Bottom Line: MHV68 infection was correlated with multimodal immune deviation, which included increased secretion of CXCL9 and CXCL10, and with the expansion of a CD8(dim) T cell population.In the setting of MHV68 latency, recipients demonstrated accelerated costimulation blockade-resistant rejection of skin allografts compared to non-infected animals (MST 13.5 d in infected animals vs 22 d in non-infected animals, p<.0001).While in the non-infected cohort, either CTLA-4-Ig or anti-CD154 alone could effectively pair with adhesion blockade to prolong allograft acceptance, in infected animals, the prolonged acceptance of skin grafts could only be recapitulated when anti-LFA-1 and anti-VLA-4 antibodies were combined with anti-CD154 (without CTLA-4-Ig, MST>100 d).

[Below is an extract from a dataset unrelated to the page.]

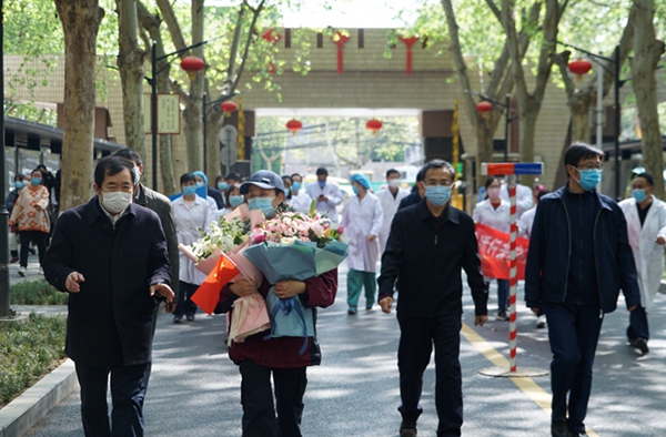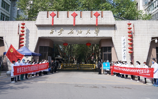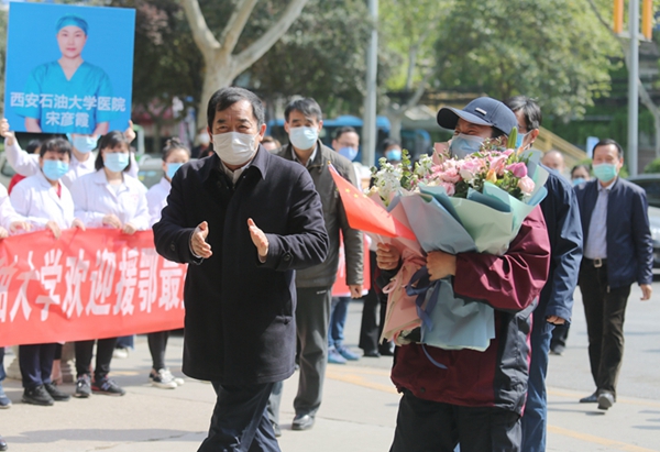 4月8日上午,宋彦霞护士结束了14天的隔离观察期,从隔离观察点返回学校。校党政领导李天太、张木、苏文甫,相关部门负责人及校医院部分职工在雁塔校区东门迎接宋彦霞护士。

View Article: PubMed Central - PubMed

Affiliation: Emory Transplant Center, Emory University School of Medicine, Atlanta, Georgia, United States of America.

ABSTRACT
The mechanisms underlying latent-virus-mediated heterologous immunity, and subsequent transplant rejection, especially in the setting of T cell costimulation blockade, remain undetermined. To address this, we have utilized MHV68 to develop a rodent model of latent virus-induced heterologous alloimmunity. MHV68 infection was correlated with multimodal immune deviation, which included increased secretion of CXCL9 and CXCL10, and with the expansion of a CD8(dim) T cell population. CD8(dim) T cells exhibited decreased expression of multiple costimulation molecules and increased expression of two adhesion molecules, LFA-1 and VLA-4. In the setting of MHV68 latency, recipients demonstrated accelerated costimulation blockade-resistant rejection of skin allografts compared to non-infected animals (MST 13.5 d in infected animals vs 22 d in non-infected animals, p<.0001). In contrast, the duration of graft acceptance was equivalent between non-infected and infected animals when treated with combined anti-LFA-1/anti-VLA-4 adhesion blockade (MST 24 d for non-infected and 27 d for infected, p = n.s.). The combination of CTLA-4-Ig/anti-CD154-based costimulation blockade+anti-LFA-1/anti-VLA-4-based adhesion blockade led to prolonged graft acceptance in both non-infected and infected cohorts (MST>100 d for both, p<.0001 versus costimulation blockade for either). While in the non-infected cohort, either CTLA-4-Ig or anti-CD154 alone could effectively pair with adhesion blockade to prolong allograft acceptance, in infected animals, the prolonged acceptance of skin grafts could only be recapitulated when anti-LFA-1 and anti-VLA-4 antibodies were combined with anti-CD154 (without CTLA-4-Ig, MST>100 d). Graft acceptance was significantly impaired when CTLA-4-Ig alone (no anti-CD154) was combined with adhesion blockade (MST 41 d). These results suggest that in the setting of MHV68 infection, synergy occurs predominantly between adhesion pathways and CD154-based costimulation, and that combined targeting of both pathways may be required to overcome the increased risk of rejection that occurs in the setting of latent-virus-mediated immune deviation.